> [REQUIRED WORK]
Each line below needs to be returned exactly. Skip any picture.

> [RECORDED INFORMATION]
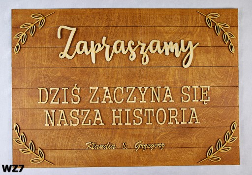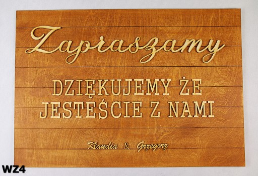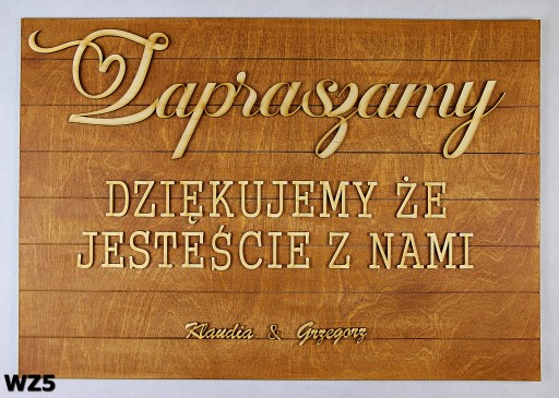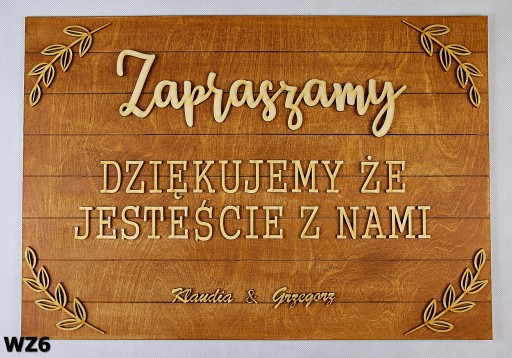 Drewniana personalizowana tablica powitalna 3D - "Dziękujemy że jesteście z nami" w 7wzorach do wyboru.
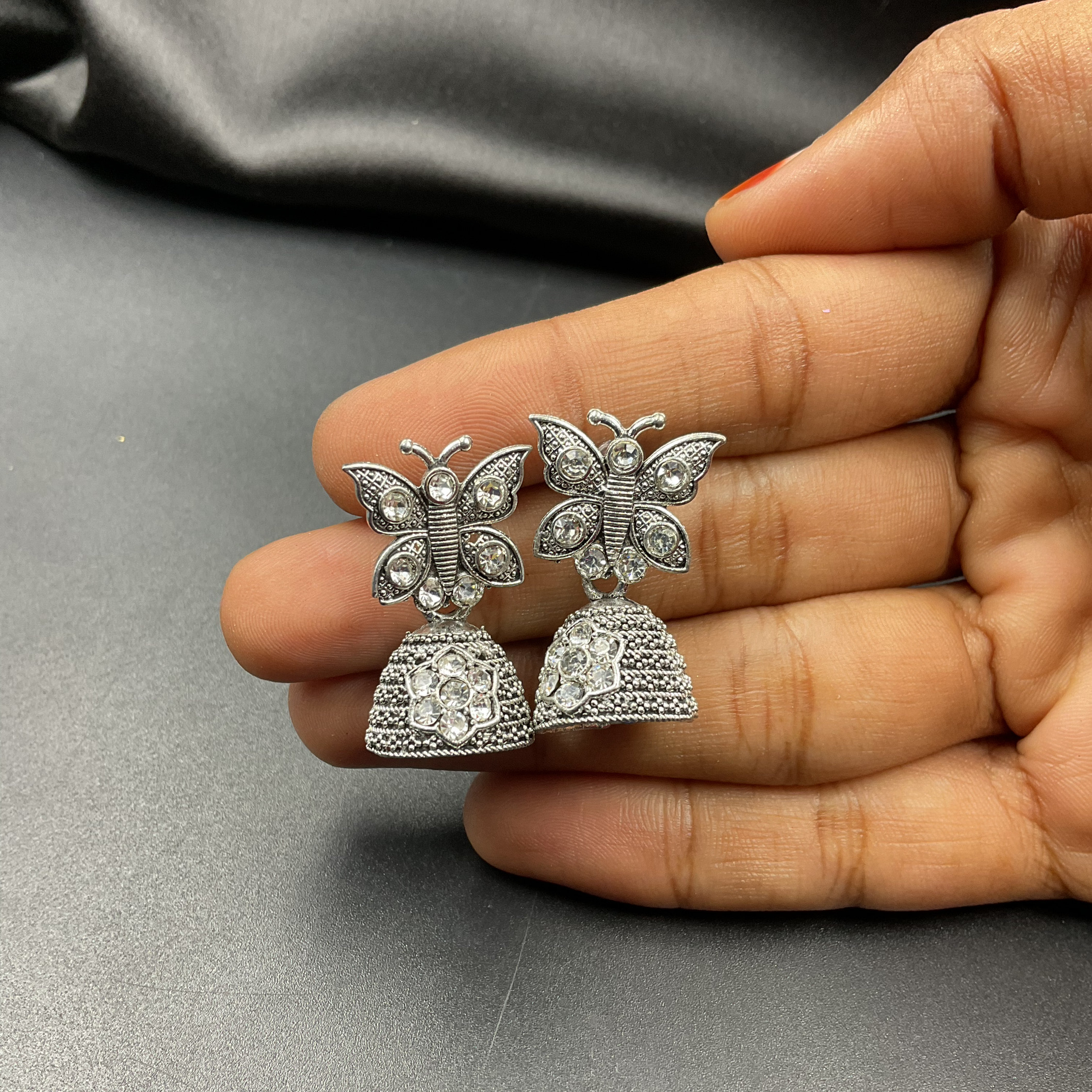 Silver Butterfly Flower Stone Jhumka
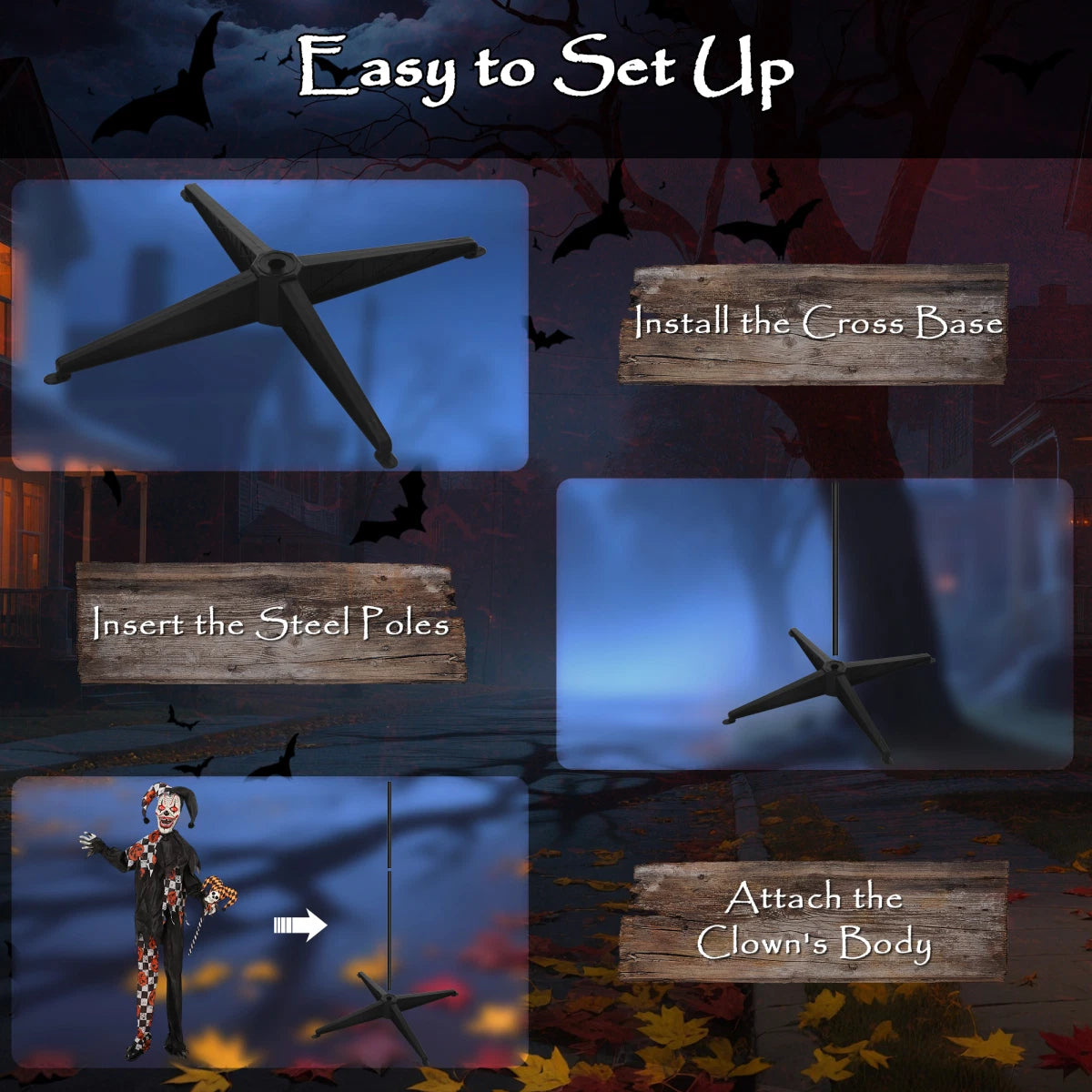 Life-size realism: Standing 183 cm tall, this animated Halloween prop wears a black outfit with pumpkin and checkered patterns, dons a long jester hat and holds a skull-topped staff—an eerie addition to your Halloween scary decorations

> [RESULT]
 Drewniana personalizowana tablica powitalna 3D - "Dziękujemy że jesteście z nami" w 7wzorach do wyboru.
 Silver Butterfly Flower Stone Jhumka
 Life-size realism: Standing 183 cm tall, this animated Halloween prop wears a black outfit with pumpkin and checkered patterns, dons a long jester hat and holds a skull-topped staff—an eerie addition to your Halloween scary decorations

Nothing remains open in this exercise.